Depression Cured By Microchip In The Brain? Government Spends $26M On Innovative Solutions For Psychiatric Disorders
Understanding the brain network’s signaling patterns has become essential to diagnosing common psychiatric disorders such as depression and finding viable treatment options that can reduce its symptoms. Research funded by the Defense Advanced Research Projects Agency is combining the efforts of scientists, engineers, and physicians to find innovative solutions that can help treat people suffering from neurological and psychiatric conditions including military personnel suffering from post-traumatic stress disorder.
Researchers from the University of California-San Francisco (UCSF) have recruited Parkinson’s disease and epilepsy patients who are already undergoing brain recordings that will be used to examine signaling activity in diverse regions of the brain. By identifying brain signaling pathways specific to anxiety and depression, the research team hopes to develop stimulation therapies that will strengthen alternative circuits.
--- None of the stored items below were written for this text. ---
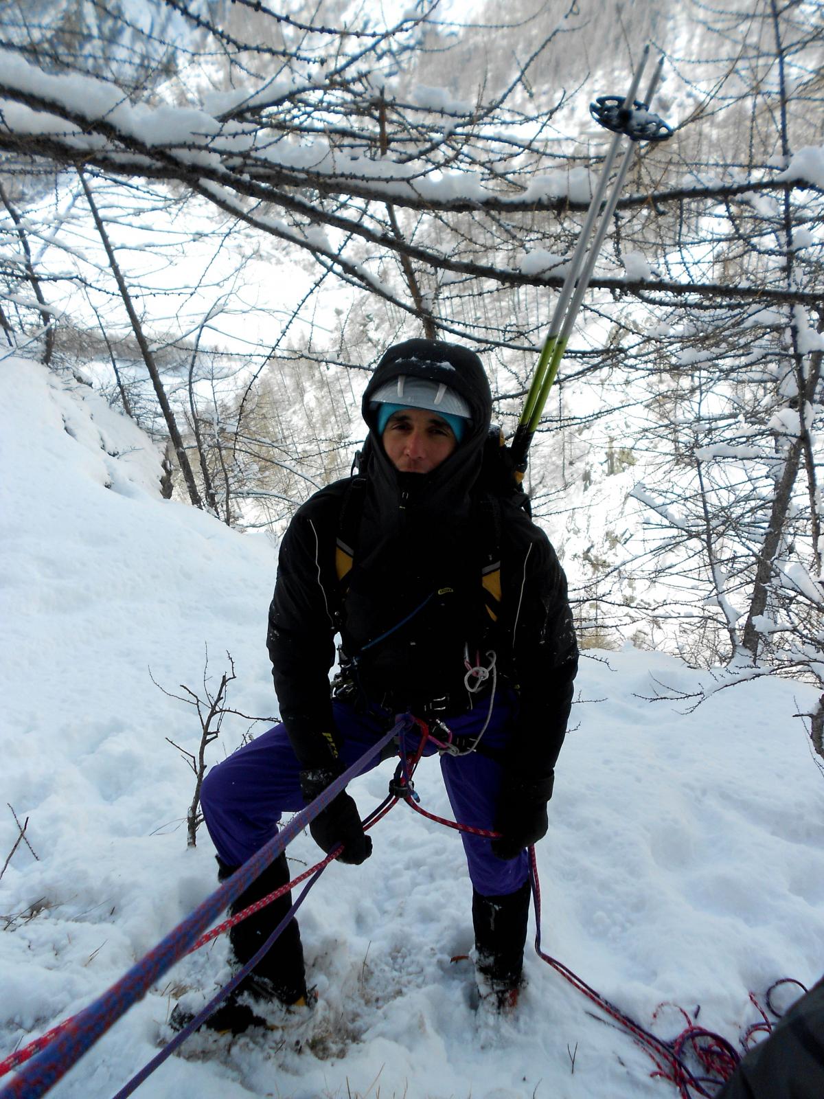 La nevicata di questa notte ha coperto un pò la linea, ma nulla di particolare, presenti 10 cm di neve fresca. Partiti con tempo nuvolo e una leggera nevicata. Temperatura al parcheggio -1. Nel pomeriggio è uscito il sole e vento tutto il giorno che continuava a far scaricare la neve appena posata. Anche se il ghiaccio si presenta buono la cascata è magra e poco proteggibile.
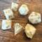 All of my dice are crafted from resin. I hand-pour the resin and add various alcohol inks and mica powders to create beautiful effects. My shell-type dice may include inclusions such as paper butterflies, moss, flowers, etc., and some have the inner shell wrapped in Washi tape. These dice are made using a double casting method (which requires two separate rounds in a pressure pot for 24 hours each): first, the inner dice are cast and a pattern or inclusion is applied, then a second casting of clear resin is done around the insert. The dice are then placed in a pressure pot for 24 hours to remove any bubbles. After curing for a few days, I sand off the excess resin. The dice are then polished in a tumbler with a polishing compound to give them a shine. They are cleaned with soap and water, and then prepared for inking. I hand ink each die, usually in a complementary color, using acrylic inks. Finally, they are polished by hand one last time.
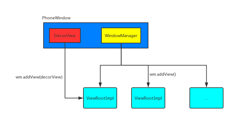 Window可以有多个子View,每个子View都对应一个ViewRootImpl。 ViewRootImpl会通过IPC来与WindowManagerService交互,来实现View的显示
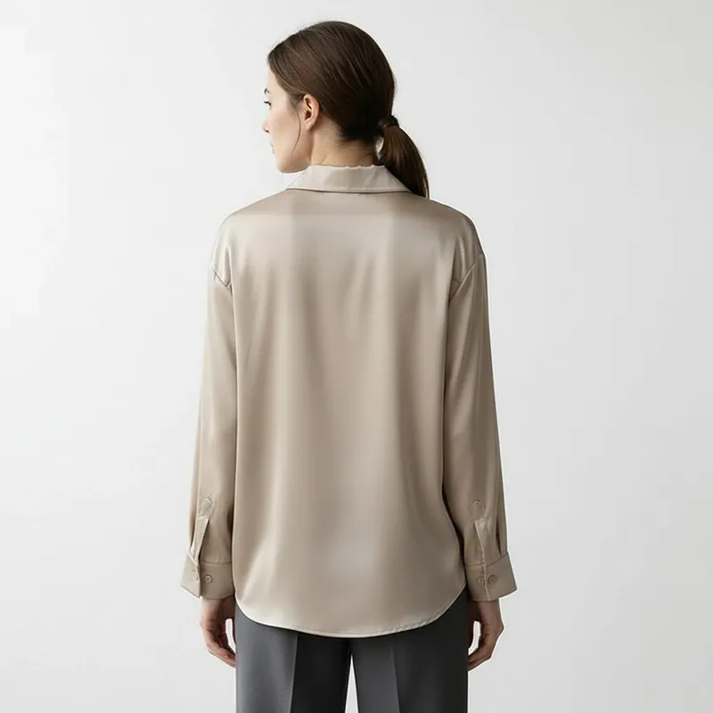 Crafted from soft, lightweight material, this blouse provides smooth texture and all-day comfort. A relaxed silhouette allows for freedom of movement while maintaining a flattering shape. It offers versatile styling options, pairing well with skirts, trousers, or casual jeans. The shirt adds a sophisticated touch to any outfit, suitable for both casual and professional occasions. Long sleeves and subtle cuff details provide elegance while offering protection during cooler weather.
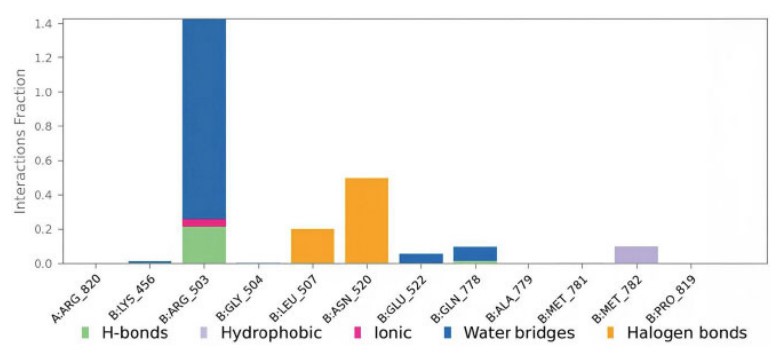 Compound 3a contacts with the protein residues are illustrated in Fig. (9). Values over 1.0 are possible as ARG503 made multiple interactions of the same subtype with the ligand.

Precise recordings will be taken by high-resolution devices that are placed directly above the patient’s brain, showing brain activity changes during a depressed or anxious state.
“Human brain recording can now reveal aspects of mental illness that have been inaccessible to scientists and doctors,” said Dr. Edward F. Chang, UCSF neurosurgeon and team leader on the new project, in a statement. “By analyzing patterns of interaction among brain regions known to be involved in mental illness we can get a more detailed look than ever before at what might be malfunctioning, and we can then develop technology to correct it.”
According to the National Alliance on Mental Illness, around 61.5 million adults in the United States suffer from some type of psychiatric disorder, including depression, bipolar disorder, and schizophrenia. For millions of people with a treatment-resistant psychiatric disorder, existing treatments such as psychotherapy and medications are ineffective in reliving their symptoms. To alleviate symptoms through a “system-level” approach, the research team will use an already successful form of therapy based on correcting brain circuits that have malfunctioned in movement disorders known as deep brain stimulation (DBS). They hope neural stimulation therapy will result in the strengthening of healthy brain circuits with long-lasting effects so that a permanent implantable device would be unnecessary.
“There are millions of people for whom these disorders are not well treated. These patients are often not able to keep their jobs or to work at all, because they’re constantly struggling with symptoms of their illnesses and the pain and suffering they cause,” said assistant professor of psychiatry at UCSF, Dr. Vikaas Sohal. “This project offers hope because it’s a totally new way of seeing how the parts of the brain interact in mental illness. It’s as if we’ve been looking at still images of actors but will now be able to see the performance of a play.”